L'immagine catartica degli inceneritori, metaforici “sciacquoni di fuoco” che ci purificano dalla presenza immonda del rifiuto, è un mito che può significare, come il tentativo da una parte di far perdere le nostre impronte ed il passato con cui non vogliamo più avere a che fare, a scanso di improbabili ma possibili indagini spazzaturologiche, dall'altro come di un voler eliminare il nostro lato oscuro, quello che non vogliamo far sapere di noi, nell'illusione di poterlo distruggere del tutto.

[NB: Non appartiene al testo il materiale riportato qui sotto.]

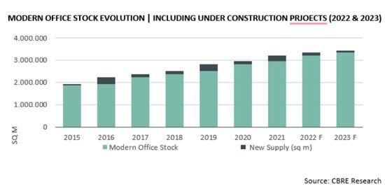 Stocul de birouri moderne din Bucuresti a ajuns la 3,30 milioane mp la sfarsitul primelor sase luni din 2022 in conditiile in care au fost livrate patru proiecte de birouri, cu aproximativ 100.000 de mp inchiriabili. Zona Centru-Vest a orasului beneficiaza de aproape 60% din noile suprafete, prin finalizarea a doua proiecte – Sema Park II - cladirea Oslo & Londra (31.500 mp inchiriabili) si AFI Tech Park 2 (24.500 mp inchiriabili). In acelasi timp, zonele Centru si Nord-Vest includ doua noi livrari, Tandem si prima faza a @Expo.Mai mult, inca 41.400 mp, in doua noi cladiri, vor fi adaugati stocului modern de spatii de birouri pana la sfarsitul anului. 83% din suprafata totala care urmeaza sa fie livrata va fi adaugata in zona Centru-Vest, un singur imobil, One Cotroceni – Faza 2, avand o suprafata de 34.500 mp. Restul de 17% este revendicat de zona Centrala, in care va fi lansata cladirea de birouri Tudor Arghezi, un proiect inchiriabil de 7.000 mp. Totodata, stocul modern de spatii de birouri al Capitalei se va majora cu inca cca. 94.000 mp pana la sfarsitul anului 2023.
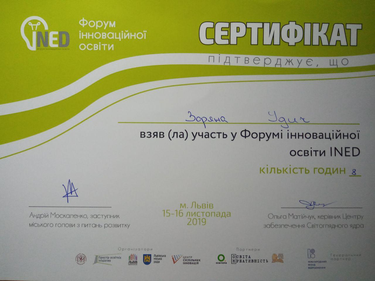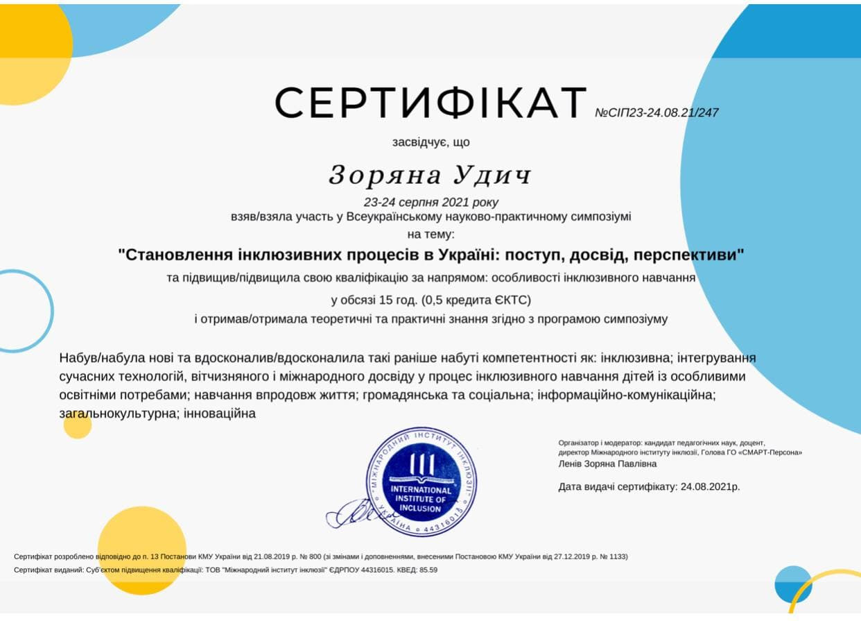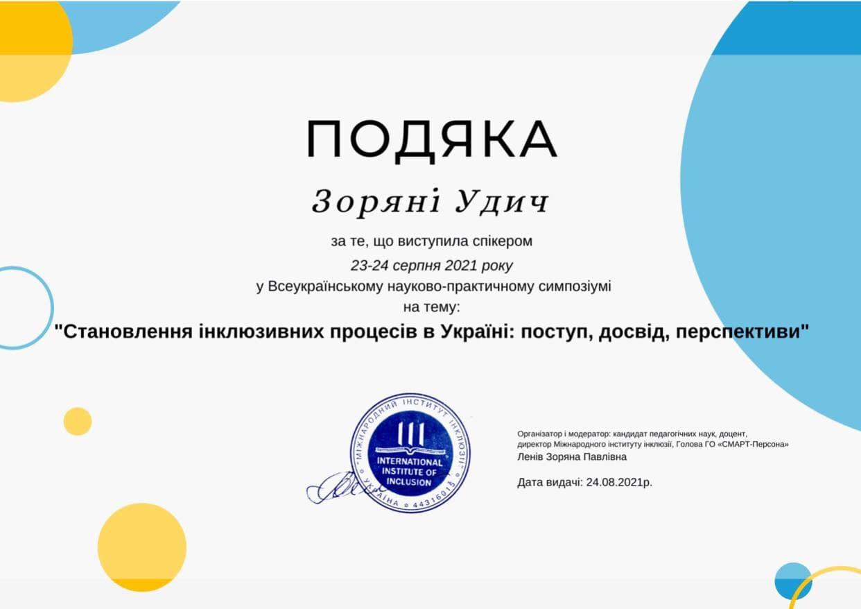 Удич З.І. Інклюзивне середовище загальноосвітнього закладу: ресурсний аспект.Освітні інновації: філософія, психологія, педагогіка: збірник наукових статей у 2-х частинах / За заг. ред. О.В. Засименко. Суми: ОП Цьома С.П. 2017. Ч.1. С. 88-92.

In realtà così facendo niente scompare, ma anzi lo si fa diventare più pericoloso sia da un punto di vista psicologico che dal punto di vista del rifiuto; infatti i nostri problemi psichici irrisolti cresceranno ancora di più e col bruciare la spazzatura spargeremo inquinanti , tossicità, malattie, ovunque, per decine di anni.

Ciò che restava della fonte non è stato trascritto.